Posted to user@kudu.apache.org by "Ray Liu (rayliu)" <ra...@cisco.com> on 2020/07/15 06:41:34 UTC

Master can not rejoin cluster when failed.

We have a Kudu cluster with 3 Masters and 9 tablet servers.
When we try to drop a table with more a thousand tablets the Leader Master crashed.
The last logs for crashed master are a bunch of
W0715 04:00:57.330158 30337 catalog_manager.cc:3485] TS cd17b92888a84d39b2adcad1ca947037 (hdsj1kud005.webex.com:7050): delete failed for tablet 4250e813a29e4ca7a2633c6015c5530d because the tablet was not found. No further retry: Not found: Tablet not found: 4250e813a29e4ca7a2633c6015c5530d

Before these delete failed logs, there are many:
W0715 03:59:40.047675 30336 connection.cc:361] RPC call timeout handler was delayed by 11.8487s! This may be due to a process-wide pause such as swapping, logging-related delays, or allocator lock contention. Will allow an additional 3s for a response.

So, when this leader master crashed, a new leader master was elected from the remaining two masters.
But when I try to restart the crashed master, it stuck forever (2 hours for now).
The logs are a repetition of these:

  I0715 06:30:36.438797 18042 raft_consensus.cc:465] T 00000000000000000000000000000000 P 81338568ef854b10ac0acac1d9eeeb6c [term 4 FOLLOWER]: Starting pre-election (no leader contacted us within the election timeout)
  I0715 06:30:36.438868 18042 raft_consensus.cc:487] T 00000000000000000000000000000000 P 81338568ef854b10ac0acac1d9eeeb6c [term 4  FOLLOWER]: Starting pre-election with config: opid_index: -1 OBSOLETE_local: false peers { permanent_uuid: "e8f90d84b4754a379ffedaa32b528fb4" member_type: VOTER last_known_addr { host: "master1" port: 7051 } } peers { permanent_uuid: "ba89996893e44391a10a2fc1f2c2ada3" member_type: VOTER last_known_addr { host: "master2" port: 7051 } } peers { permanent_uuid: "81338568ef854b10ac0acac1d9eeeb6c" member_type: VOTER last_known_addr { host: "master3" port: 7051 } }
  I0715 06:30:36.439072 18042 leader_election.cc:296] T 00000000000000000000000000000000 P 81338568ef854b10ac0acac1d9eeeb6c [CANDIDATE]: Term 5 pre-election: Requested pre-vote from peers e8f90d84b4754a379ffedaa32b528fb4 (master1:7051), ba89996893e44391a10a2fc1f2c2ada3 (master2:7051)
  W0715 06:30:36.439657 13256 leader_election.cc:341] T 00000000000000000000000000000000 P 81338568ef854b10ac0acac1d9eeeb6c [CANDIDATE]: Term 5 pre-election: RPC error from VoteRequest() call to peer ba89996893e44391a10a2fc1f2c2ada3 (master2:7051): Remote error: Not authorized: unauthorized access to method: RequestConsensusVote
  W0715 06:30:36.439787 13255 leader_election.cc:341] T 00000000000000000000000000000000 P 81338568ef854b10ac0acac1d9eeeb6c [CANDIDATE]: Term 5 pre-election: RPC error from VoteRequest() call to peer e8f90d84b4754a379ffedaa32b528fb4 (master1:7051): Remote error: Not authorized: unauthorized access to method: RequestConsensusVote
  I0715 06:30:36.439808 13255 leader_election.cc:310] T 00000000000000000000000000000000 P 81338568ef854b10ac0acac1d9eeeb6c [CANDIDATE]: Term 5 pre-election: Election decided.
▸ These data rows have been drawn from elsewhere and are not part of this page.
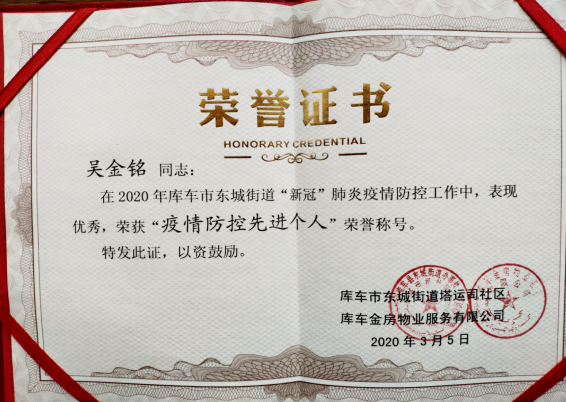“忙碌到凌晨是常有的事”吴金铭说,“社区居民都很配合我们的工作,虽然民族不同,但我们是手足情深的同胞,大家相处很融洽。居民对我们表达的感谢、安慰和鼓励,是我们志愿者努力工作的动力。”直到现在,吴金铭仍然每天在防疫工作站,帮助居民办理出入证、协助相关机构办理健康码、统计进疆人员与返疆人员信息等。他用自己的细心、耐心和责任心做好每一项工作,由于在疫情防控工作中表现突出,他被评为“疫情防控先进个人”。
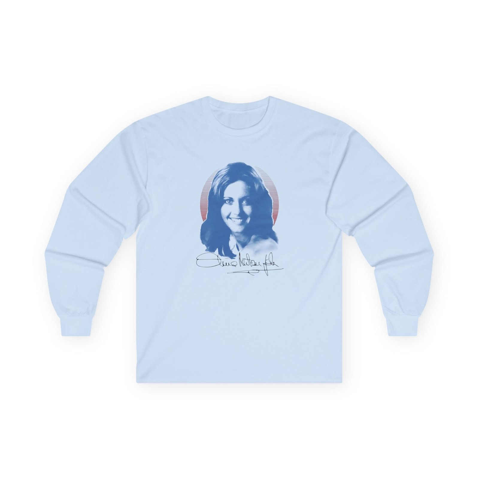 A bit more formal than a standard-issue t-shirt, the Olivia Newton John Smiles & Signs ultra cotton long sleeve tee is a clear comfort winner. The sleeves also act as a nice frame. There are no side seams. The shoulders are taped for improved durability. This makes for a good fitting around the shoulders and neck. The cotton used for these shirts is environmentally friendly.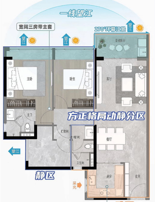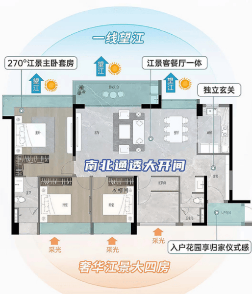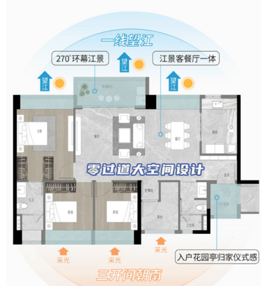 问:项目的江景视野怎么样?答:项目全楼栋一线望江,200米近江距离,片区唯一最宽600米阔景江面,看江户型比例高达约70%,江景视野极佳,无遮挡。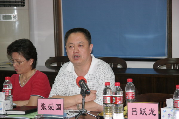 图为柯城区委副书记:吕跃龙(右三)讲话,左三为市档案局局长:张爱国,左二为市档案局副局长:程军,右二为市档案局副局长:陈忠涛,左一为市档案局纪检组长:聂益武
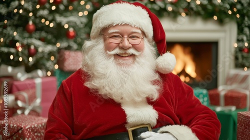 Cheerful Santa Claus Portrait in a Festive Living Room Surrounded by Christmas Gifts and Holiday Decor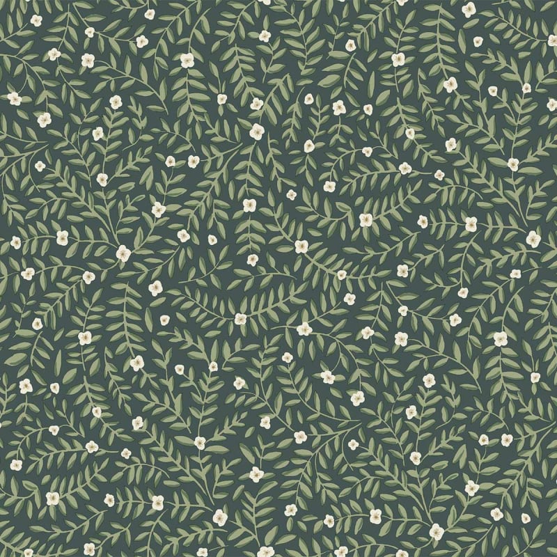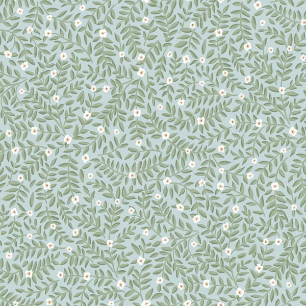 A dense floral pattern extends over the Elodie adhesive wallpaper, published by Rifle Paper Co. Slender, undulating stems, adorned with supple foliage and miniature flowers, run across the surface. The plant forms intertwine naturally, as if carried along in a light and continuous movement. This self-adhesive wall covering is inspired by a delicate herbarium, punctuated by the repetition of botanical details.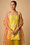 Featuring a yellow kurta in silk base with zari embroidery. It is paired with sharara pants and a dupatta. Accentuate it with statement earrings, a sleek braid and metallic heels, perfect for festive occasions or haldi ceremony.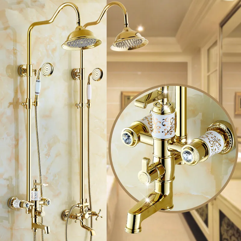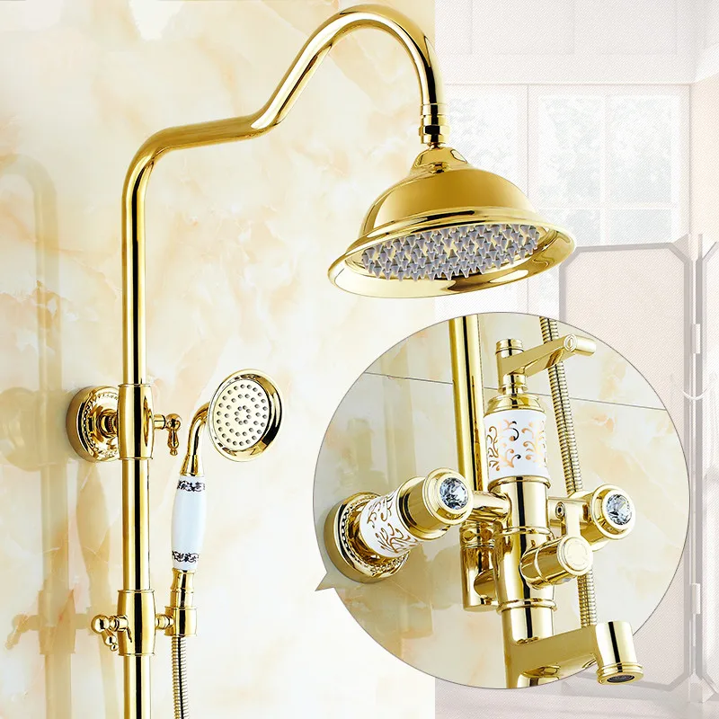 Gold polnische dusche set Soild messing wasserhahn Europäischen Dusche gesetzt Heiße Und Kalte Dusche wasserhahn 8 zoll niederschläge.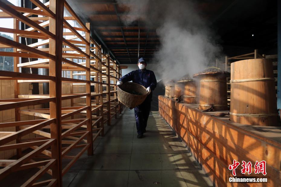 12月12日,一位工人端着茶筐从熏蒸台走过。南路边茶,又称雅安藏茶,是指产于雅安等地销往藏区的茶。当日,记者来到四川雅安藏茶技艺传习......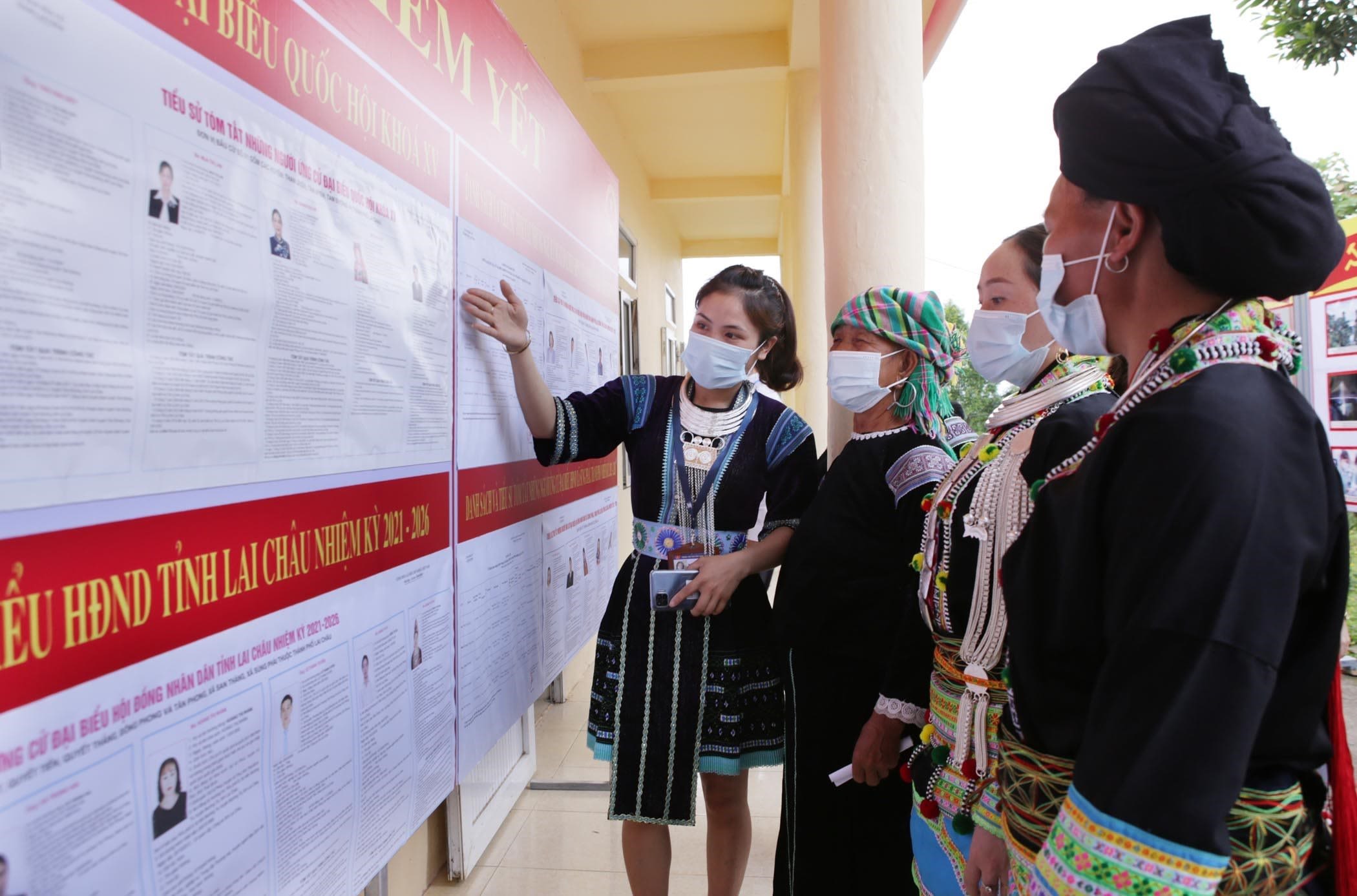 Voters in Lai Chau Province read personal information of candidates for the National Assembly and People’s Councils before casting their ballots.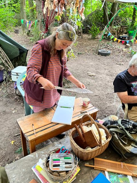 Rachel & the woodland weavers team planned ideas for an Earth loom with Anita who brought her Navaho loom expertise to share with us and advice and ideas for a new installation in Kali wood! Watch this space!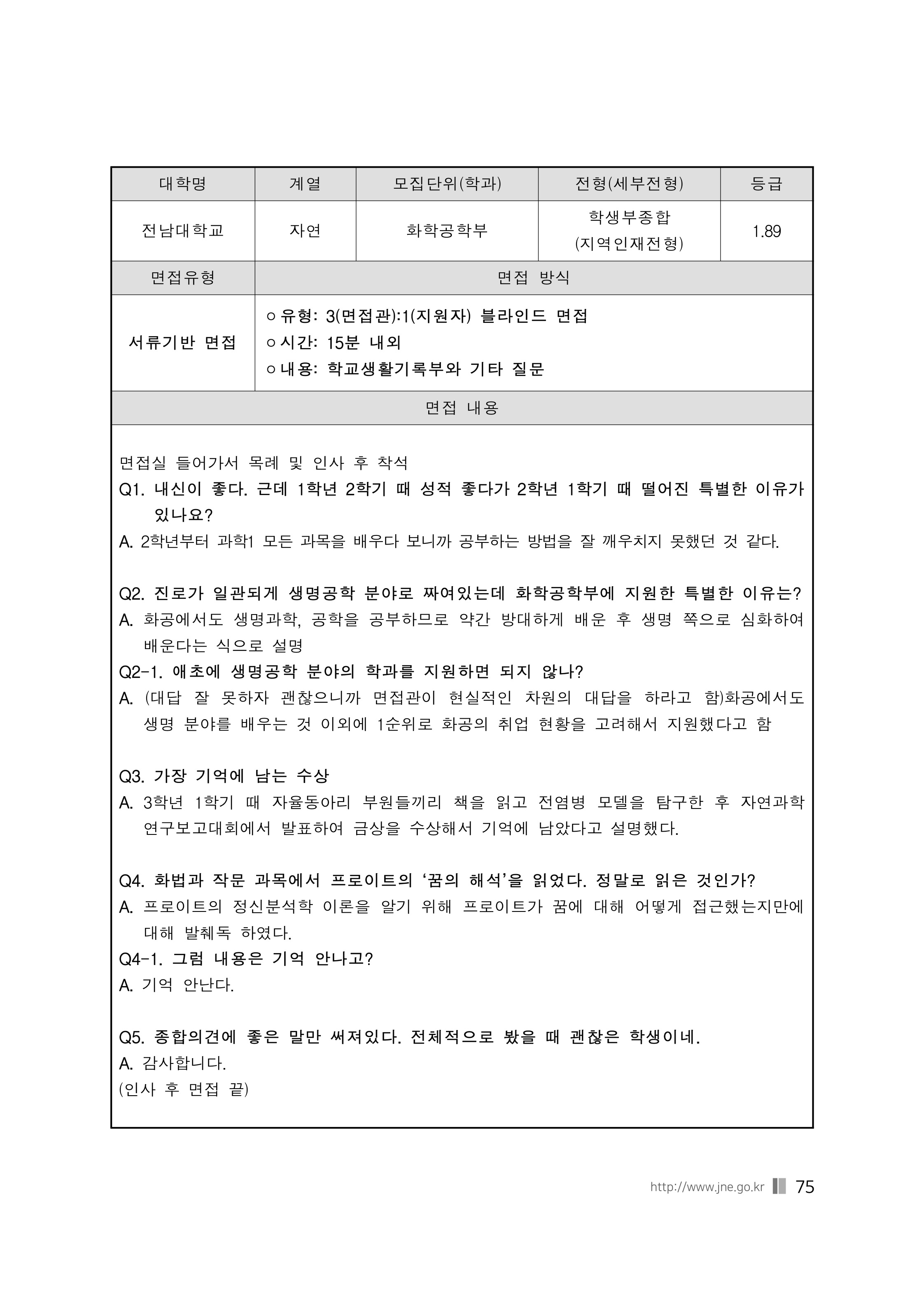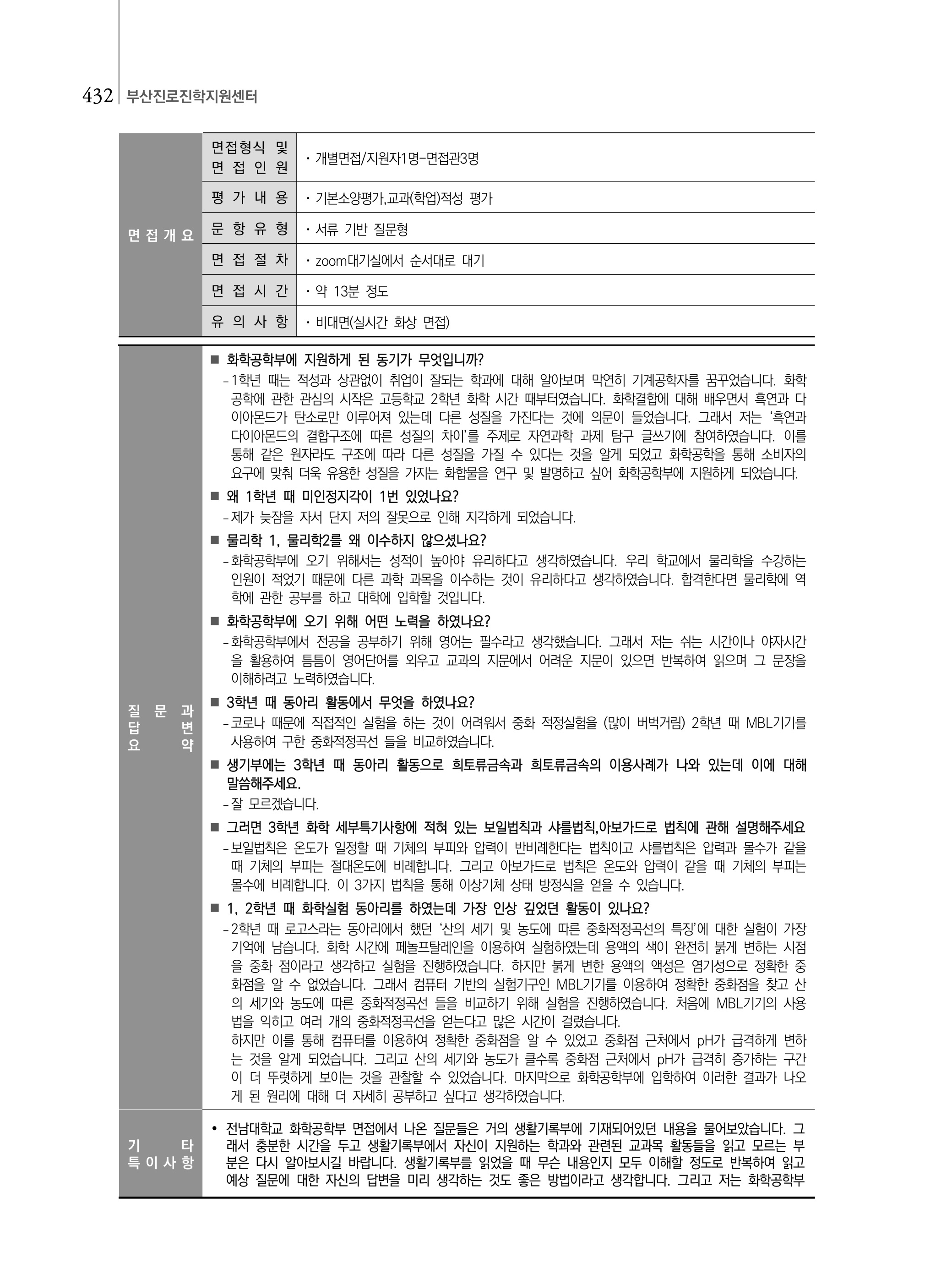 2021학년도 전남대학교 면접 후기19 - 화학공학부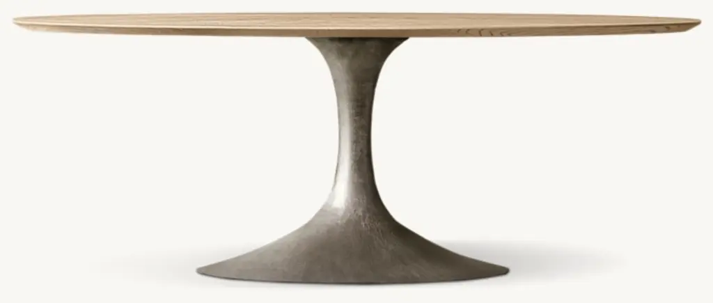 Paying homage to the sweeping lines of midcentury furnishings, our table is a study in simplicity. Defined by its balanced proportions and arching, sculptural curves, our interpretation pairs a cast steel pedestal base with a beveled-edge oak or walnut top.ALSO AVAILABLE IN STONESHOP THE ENTIRE COLLECTION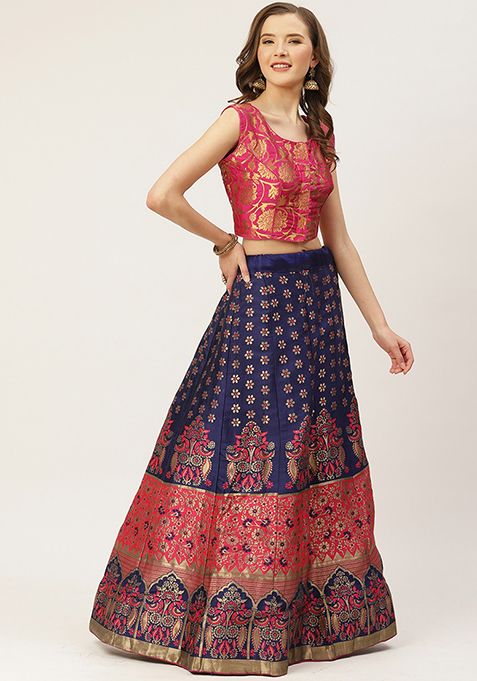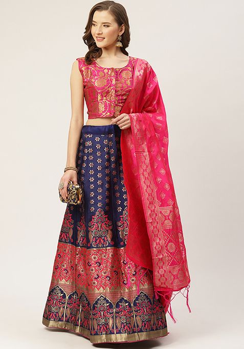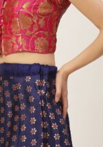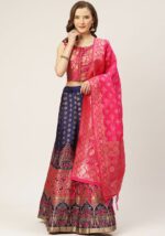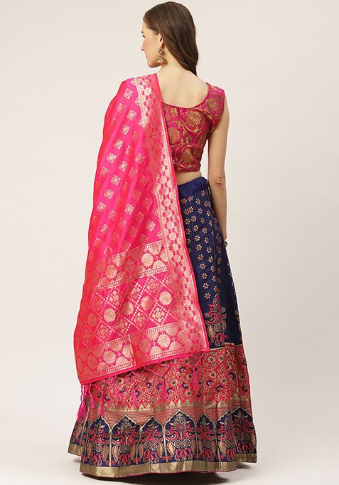 Pink And Navy Blue Woven Zari Silk Lehenga Set – XLH02234

Result: candidate lost. Election summary: received 3 responses out of 3 voters: 1 yes votes; 2 no votes. yes voters: 81338568ef854b10ac0acac1d9eeeb6c; no voters: ba89996893e44391a10a2fc1f2c2ada3, e8f90d84b4754a379ffedaa32b528fb4
  I0715 06:30:36.439839 18042 raft_consensus.cc:2597] T 00000000000000000000000000000000 P 81338568ef854b10ac0acac1d9eeeb6c [term 4 FOLLOWER]: Leader pre-election lost for term 5. Reason: could not achieve majority
  W0715 06:30:36.531898 13465 server_base.cc:587] Unauthorized access attempt to method kudu.consensus.ConsensusService.UpdateConsensus from {username='kudu'} at ip:port


The master summary from ksck is
  Master Summary
               UUID               |        Address        |    Status
----------------------------------+-----------------------+--------------
ba89996893e44391a10a2fc1f2c2ada3 | master1               | HEALTHY
e8f90d84b4754a379ffedaa32b528fb4 | master2               | HEALTHY
81338568ef854b10ac0acac1d9eeeb6c | master3               | UNAUTHORIZED
Error from master3: Remote error: could not fetch consensus info from master: Not authorized: unauthorized access to method: GetConsensusState (UNAUTHORIZED)
All reported replicas are:
  A = ba89996893e44391a10a2fc1f2c2ada3
  B = e8f90d84b4754a379ffedaa32b528fb4
  C = 81338568ef854b10ac0acac1d9eeeb6c
The consensus matrix is:
Config source |        Replicas        | Current term | Config index | Committed?
---------------+------------------------+--------------+--------------+------------
A                        | A*  B   C              | 4            | -1           | Yes
B                        | A*  B   C              | 4            | -1           | Yes
C                        | [config not available] |              |              |

What can I do if these three masters can’t achieve consensus forever?
Is it safe to delete --fs_data_dirs/ --fs_metadata_dir/ --fs_wal_dir for the crashed master if in order to get it online without any data loss?

Thanks

Re: Master can not rejoin cluster when failed.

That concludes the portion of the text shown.